Todos os que já assistiram a uma aula alguma vez conhecem aquela sensação de estar compreendendo bem o que é dito pelo professor, até chegar o momento em que temos de explicar o que foi compreendido: diante dessa tarefa, parecem quase sempre desaparecer as palavras e as ideias que poderiam ser usadas para explicá-lo, nos vemos meio perdidos e mesmo confusos, sem saber muito bem como explicar o que compreendemos nem porque nos parecera haver compreendido algo antes.

Por que isso nos acontece?

A dinâmica implicada aqui diz respeito a dois conceitos importantes em Filosofia: o de intuição e o de razão

Vejamos. 

Quando ouvimos a explicação de algum assunto, fazemos um esforço em compreender o sentido das palavras, das sentenças e dos argumentos utilizados pelo professor. Durante esse esforço, nossa mente exercita uma transição que segue das palavras até às coisas acerca das quais elas são ditas: quer dizer, ouvir uma aula sobre Napoleão, por exemplo, é seguir das palavras que sobre ele são ditas até a imagem que dele formamos em nós a partir do que nos é dito. São essas imagens que ao final configuram a nossa sensação de compreendermos um assunto, porque essa transição das palavras até o seu sentido é realizada pela intuição. A capacidade de intuir é semelhante a da visão, embora não seja com os olhos que vemos o sentido das coisas, mas com o intelecto. Exatamente por isso, dissemos que o sentido das palavras vão produzindo em nós imagens, não externas mas internas, que só podem ser vistas pela mente.

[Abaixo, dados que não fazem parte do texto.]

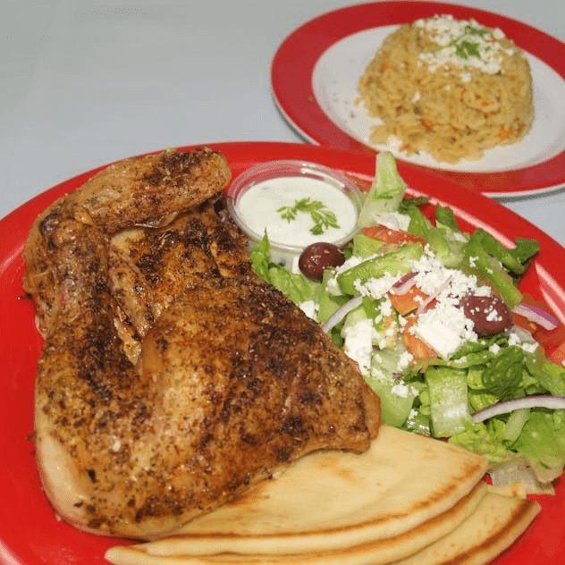 1/2 Marinated Greek Style Chicken with Greek Salad, Rice Pita, Tzatziki Sauce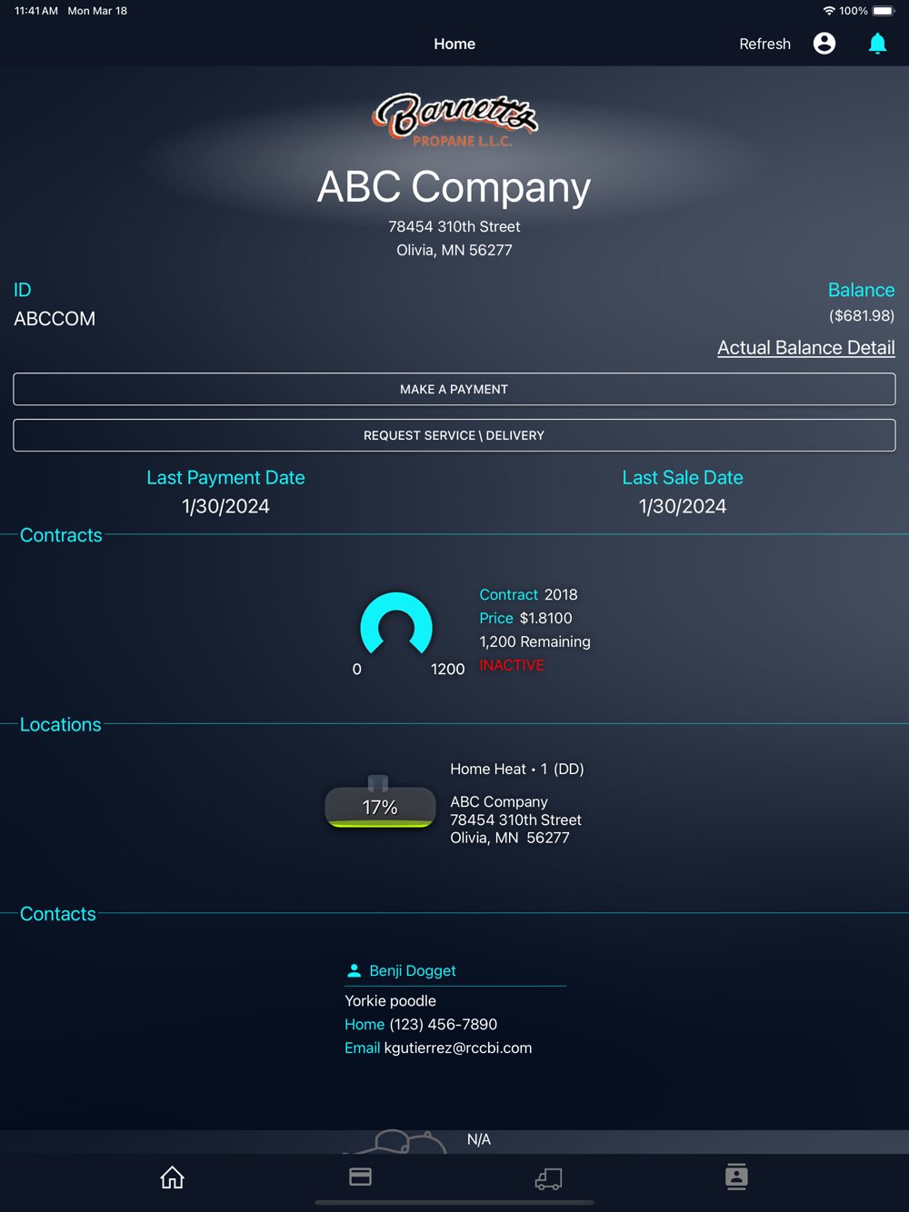 Information at your fingertips! This app gives you direct access to your account balance, location and contract information. It also gives you the ability to store and process payment and request service work and deliveries directly through the app.

Pois bem, por que então sentimos dificuldades em explicar o que "vemos" pela intuição? Porque agora, no momento em que partimos para a explicação do que foi intuído, nos valemos de um outro aspecto da nossa mente, que é costumeiramente chamado de razão. Cabe a ela a tarefa de organizar os elementos que compõem algo, articulando-os de maneira a torná-lo inteligível a uma outra mente ou a nós mesmos. Mas perceba que, nesse momento, nosso esforço já não está mais restrito a uma postura por assim dizer passiva da mente, apenas recebendo e traduzindo as palavras do falante em sentidos e em imagens. O que nos cabe agora é operar ativamente em relação ao assunto abordado, de modo a poder nós mesmos produzirmos a intuição que já tivemos. Por esse motivo, a razão é uma tarefa ao mesmo tempo secundária e rememorativa: ela sempre depende de uma intuição prévia que lhe dá o fundamento.

Nossa dificuldade com o uso da razão está necessariamente relacionada com a linguagem - exatamente porque a linguagem é a exteriorização do raciocínio produzido pela mente. Para essa exteriorização, precisamos não apenas de uma língua ou um idioma, mas principalmente precisamos dominá-lo bem. São muitos os casos de dificuldade em explicar algo porque nos faltam as palavras certas, as melhores sentenças, os argumentos mais adequados. E essa capacidade só é desenvolvida em nós pela expressão mais bem acabada de uma língua - a literatura. É pelo contato com a literatura que a mente não apenas amplia sua gama de imagens e de intuições, mas sobretudo amplia seu léxico, o conjunto dos termos e das sentenças que nos permitem elaborar com precisão e com clareza o que compreendemos acerca das coisas.

E essa é apenas uma das vantagem da leitura de bons livros.